[Opening Supplied material section]
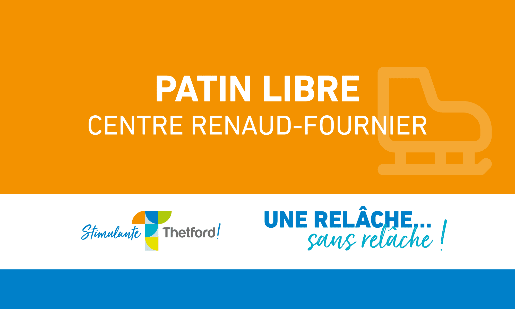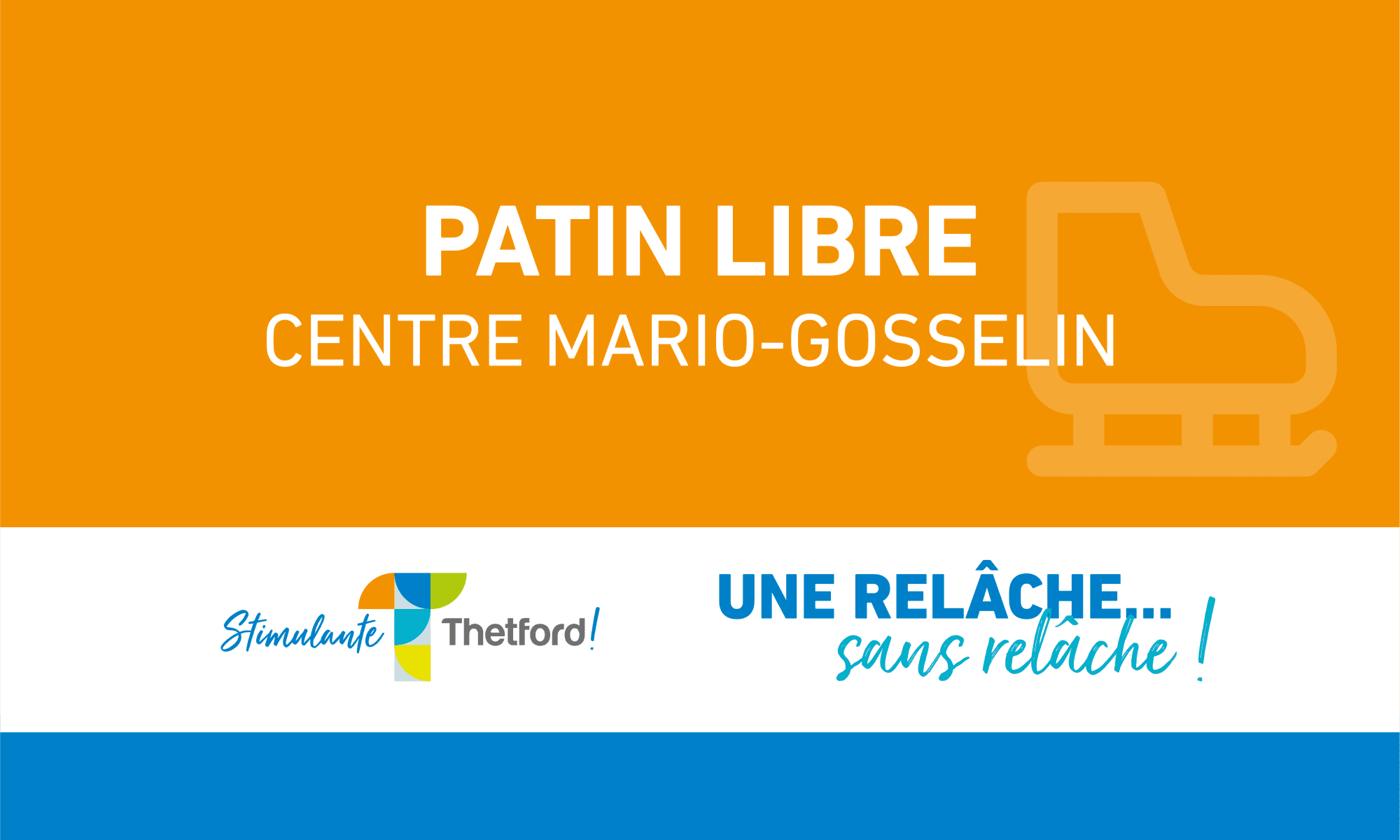 Plages horaires offertes pour le patinage. Un support sera offert pour les jeunes apprentis patineurs. Voir grille de programmation.
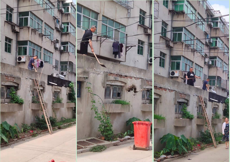 我們注意到,緊靠樓房的車庫(kù)頂上,由于風(fēng)雨的影響和樓上墜落的衣物衣架,一直以來積攢在車庫(kù)頂上,長(zhǎng)年累月就形成了一層看上去很不雅觀的垃圾,加上清掃不便,所以這里就成了影響視覺環(huán)境的一個(gè)遺忘的角落。居住在樓上的居民,為了居住環(huán)境的更友好,于是每隔一段時(shí)間,就相約聯(lián)合開展房頂垃圾的清理行動(dòng),不僅清理了自己樓下車棚頂上的垃圾,還將整幢樓的車庫(kù)垃圾清理個(gè)遍,這樣堆了好多年頭的“頑固垃圾”不見了,重新讓樓上的居民看到了樓下的”頂美“風(fēng)光。
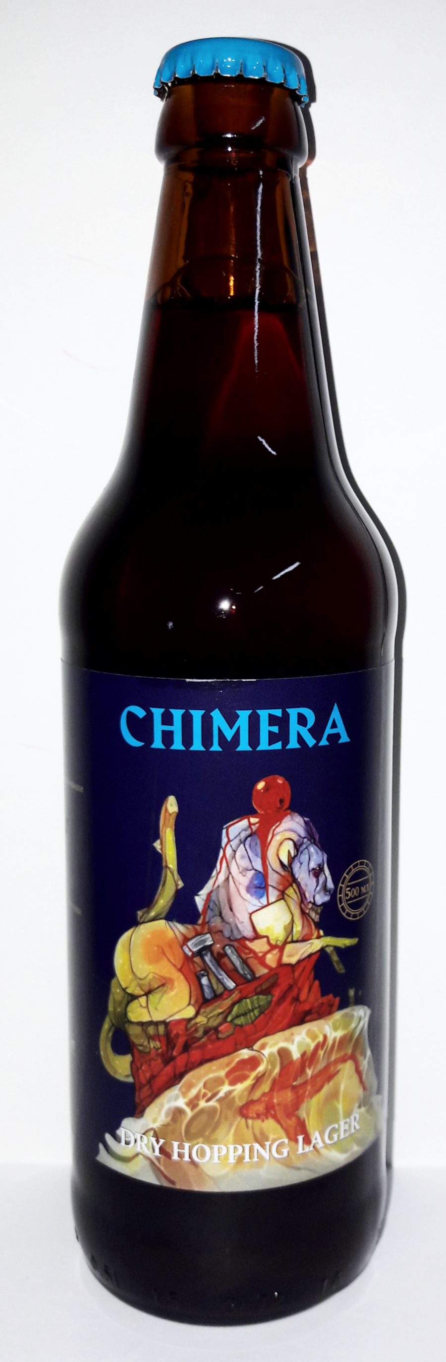 Химера в греческой мифологии-это чудовище с головой и шеей льва,туловищем козы,хвостом в виде змеи;порождение Тифона и Ехидны.в переносном смысле-необоснованная,несбыточная идея.Пивоварня дала такое название пиву,потому что это лагер.И пивоварня приставила ему "голову и шею льва"-букет хмелей,который полностью меняет понимание этого продукта.
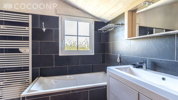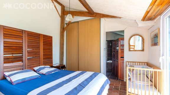 - Chambre 1 : un lit double (140×190), avec lit bébé et salle de bain attenante avec baignoire, douche italienne et WC
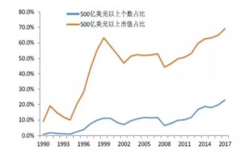 从1987年至2017年,美国市值超过500亿美元以上的公司市值占比从原先的10%上升到了近70%,而且这些公司的数量占比从过去的1%左右,提高到了20%以上。
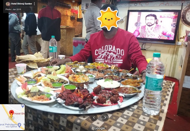 「Hotel Shivraj」が果敢なチャレンジャーに提供している巨大ターリーは、その名も「Bullet Thali」。
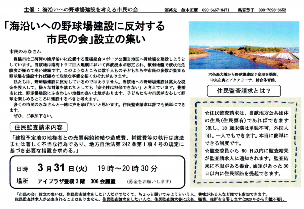 豊橋市総合スポーツ公園B地区に野球場の建設計画を反対する署名であり
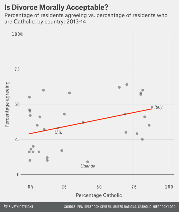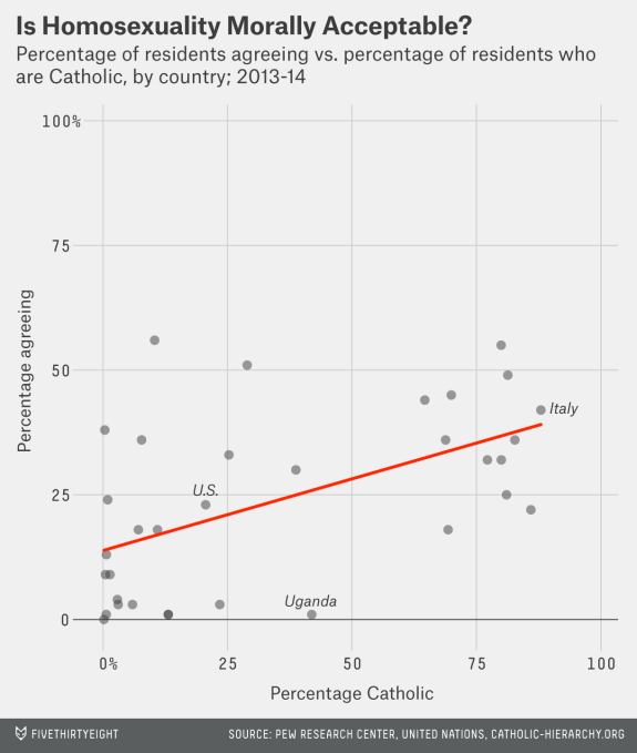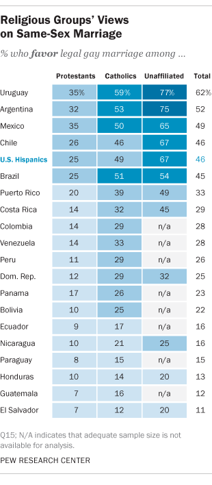 As you can see, the proportion catholic a nation is correlates with these two socially liberal beliefs. This is noticeable even in Latin america where protestants are the minority:
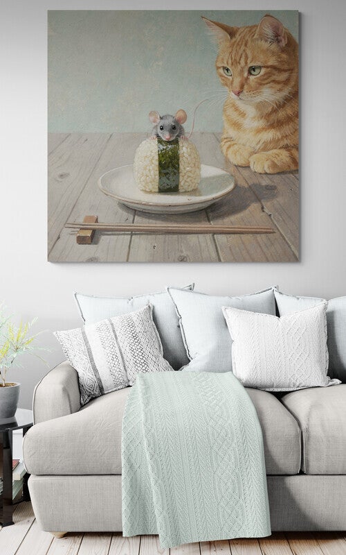 Nieuwsgierig naar sushi – schilderij met muis en rode kat
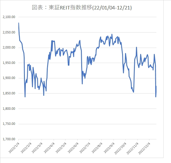 まだ2022年の取引は続くが、J-REIT価格は金融政策に左右された1年となった。急落は図表の通り、12月で4回目であり、1月、6月、10月は米国FRB(連邦準備制度理事会)の利上げで、12月は日銀の事実上の利上げに拠るものと言えるだろう。東証REIT指数で見れば、2,000ポイント近い水準から短期で1,850ポイント程度まで下落した。
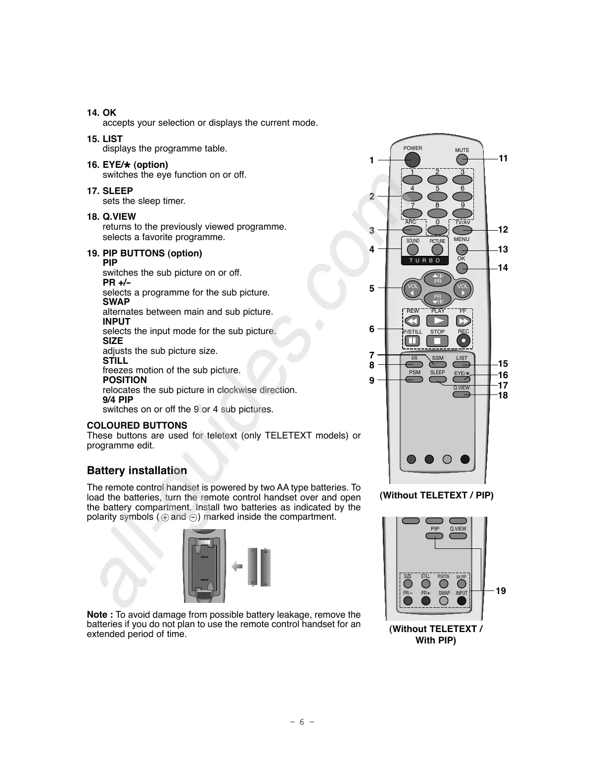 batteries if you do not plan to use the remote control handset for an
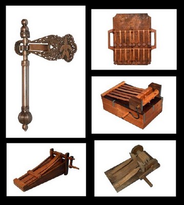 As matracas [alguns exemplares ao lado], confeccionadas em geral só com madeira, podem ser de diversos tipos e tamanhos. Elas têm manivelas e rodas, ou um pivô em torno do qual são acionadas. Há imaginação para tudo.
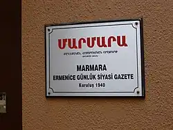 Marmara (Armenian: Մարմարա) (sometimes "Nor Marmara" - New Marmara) is an Armenian-language daily newspaper published since August 31 1940 in Istanbul, Turkey. It was established by Armenian journalist and foreign correspondent Souren Shamlian. Initially a weekly newspaper, it was soon published daily due to intense interest. Following Shamlian's death in 1951 his daughter and her husband, Seta and Bedros Zobyan, took over the paper. When the Zobyans left Istanbul for Canada in 1967, they left the paper to Rober Haddeciyan (also known as Robert Haddeler), a writer and journalist who was already working for the paper.
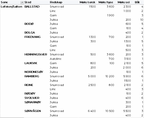 Tabell 2 og 3 viser fordelingen av landingene av fersk torsk per leveringssone og redskap (unntatt trål), med tilhørende snittpriser. De to tabellene er basert på omsetning av kvalitet A og ekstra, der alle leveringstilstander inngår, men der snittprisene er omregnet til sløyd uten hode-priser, eksklusivt restråstoff.
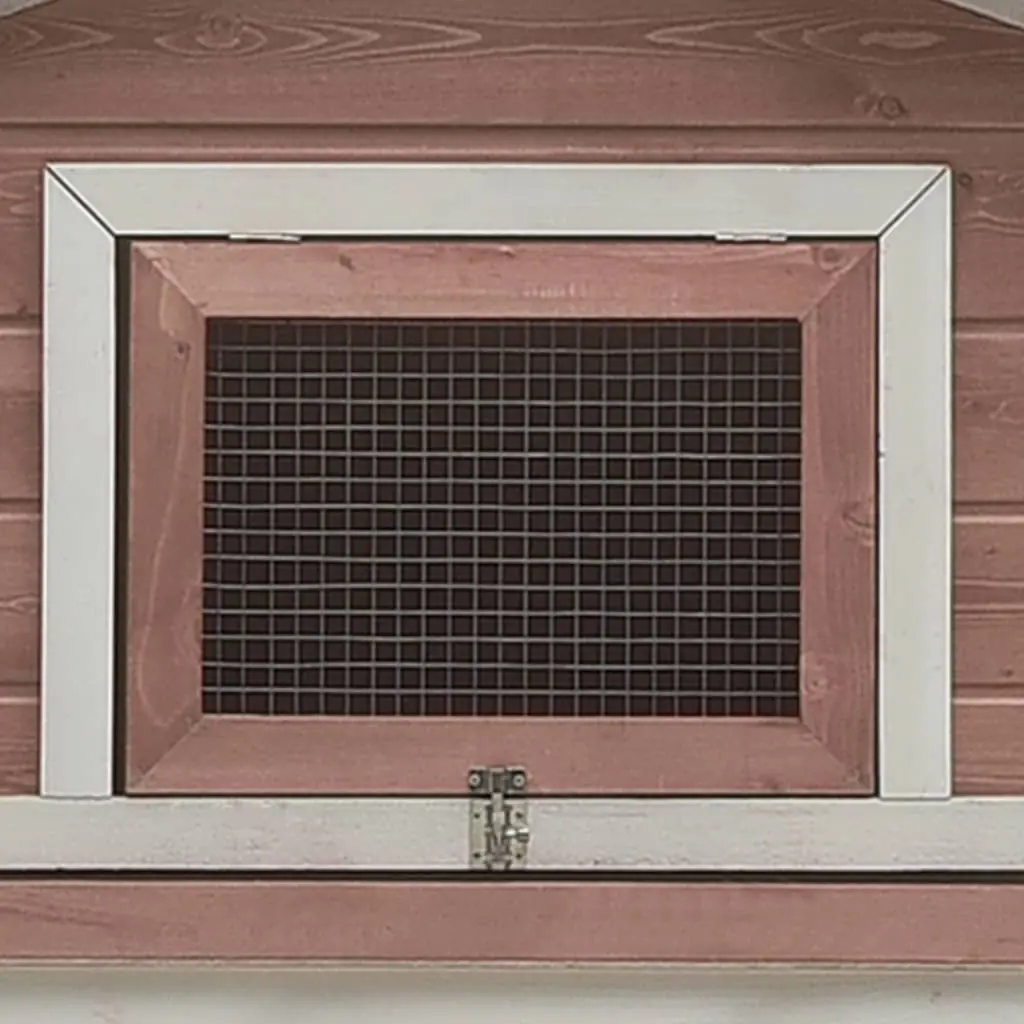 Această cușcă de iepuri oferă suficient spațiu de mișcare, în timp ce plasa de sârmă din fier cu ochiuri strânse previne comportamentele negative și accidentele. În același timp, construcția grilajului din sârmă de fier vă permite să monitorizați animalele de companie și le oferă acestora acces la aer proaspăt. Cușca de iepuri a fost construită cu un cadru din lemn de calitate superioară, fiind un adăpost rezistent și sigur, care va dura ani întregi. Acoperișul său verde protejează de ploaie, iar căsuța confortabilă este o zonă de odihnă perfectă. O rampă ușor de urcat asigură legătura dintre nivelul inferior și etaj. Datorită tăvii detașabile, cușca este ușor de curățat. Ușile se închid cu ușurință și se încuie cu zăvoare.
[Closing Supplied material section]
■ About this exercise:
Every entry above needs to be duplicated exactly, without its images.

■ Answer to this task:
 Plages horaires offertes pour le patinage. Un support sera offert pour les jeunes apprentis patineurs. Voir grille de programmation.
 我們注意到,緊靠樓房的車庫(kù)頂上,由于風(fēng)雨的影響和樓上墜落的衣物衣架,一直以來積攢在車庫(kù)頂上,長(zhǎng)年累月就形成了一層看上去很不雅觀的垃圾,加上清掃不便,所以這里就成了影響視覺環(huán)境的一個(gè)遺忘的角落。居住在樓上的居民,為了居住環(huán)境的更友好,于是每隔一段時(shí)間,就相約聯(lián)合開展房頂垃圾的清理行動(dòng),不僅清理了自己樓下車棚頂上的垃圾,還將整幢樓的車庫(kù)垃圾清理個(gè)遍,這樣堆了好多年頭的“頑固垃圾”不見了,重新讓樓上的居民看到了樓下的”頂美“風(fēng)光。
 Химера в греческой мифологии-это чудовище с головой и шеей льва,туловищем козы,хвостом в виде змеи;порождение Тифона и Ехидны.в переносном смысле-необоснованная,несбыточная идея.Пивоварня дала такое название пиву,потому что это лагер.И пивоварня приставила ему "голову и шею льва"-букет хмелей,который полностью меняет понимание этого продукта.
 - Chambre 1 : un lit double (140×190), avec lit bébé et salle de bain attenante avec baignoire, douche italienne et WC
 从1987年至2017年,美国市值超过500亿美元以上的公司市值占比从原先的10%上升到了近70%,而且这些公司的数量占比从过去的1%左右,提高到了20%以上。
 「Hotel Shivraj」が果敢なチャレンジャーに提供している巨大ターリーは、その名も「Bullet Thali」。
 豊橋市総合スポーツ公園B地区に野球場の建設計画を反対する署名であり
 As you can see, the proportion catholic a nation is correlates with these two socially liberal beliefs. This is noticeable even in Latin america where protestants are the minority:
 Nieuwsgierig naar sushi – schilderij met muis en rode kat
 まだ2022年の取引は続くが、J-REIT価格は金融政策に左右された1年となった。急落は図表の通り、12月で4回目であり、1月、6月、10月は米国FRB(連邦準備制度理事会)の利上げで、12月は日銀の事実上の利上げに拠るものと言えるだろう。東証REIT指数で見れば、2,000ポイント近い水準から短期で1,850ポイント程度まで下落した。
 batteries if you do not plan to use the remote control handset for an
 As matracas [alguns exemplares ao lado], confeccionadas em geral só com madeira, podem ser de diversos tipos e tamanhos. Elas têm manivelas e rodas, ou um pivô em torno do qual são acionadas. Há imaginação para tudo.
 Marmara (Armenian: Մարմարա) (sometimes "Nor Marmara" - New Marmara) is an Armenian-language daily newspaper published since August 31 1940 in Istanbul, Turkey. It was established by Armenian journalist and foreign correspondent Souren Shamlian. Initially a weekly newspaper, it was soon published daily due to intense interest. Following Shamlian's death in 1951 his daughter and her husband, Seta and Bedros Zobyan, took over the paper. When the Zobyans left Istanbul for Canada in 1967, they left the paper to Rober Haddeciyan (also known as Robert Haddeler), a writer and journalist who was already working for the paper.
 Tabell 2 og 3 viser fordelingen av landingene av fersk torsk per leveringssone og redskap (unntatt trål), med tilhørende snittpriser. De to tabellene er basert på omsetning av kvalitet A og ekstra, der alle leveringstilstander inngår, men der snittprisene er omregnet til sløyd uten hode-priser, eksklusivt restråstoff.
 Această cușcă de iepuri oferă suficient spațiu de mișcare, în timp ce plasa de sârmă din fier cu ochiuri strânse previne comportamentele negative și accidentele. În același timp, construcția grilajului din sârmă de fier vă permite să monitorizați animalele de companie și le oferă acestora acces la aer proaspăt. Cușca de iepuri a fost construită cu un cadru din lemn de calitate superioară, fiind un adăpost rezistent și sigur, care va dura ani întregi. Acoperișul său verde protejează de ploaie, iar căsuța confortabilă este o zonă de odihnă perfectă. O rampă ușor de urcat asigură legătura dintre nivelul inferior și etaj. Datorită tăvii detașabile, cușca este ușor de curățat. Ușile se închid cu ușurință și se încuie cu zăvoare.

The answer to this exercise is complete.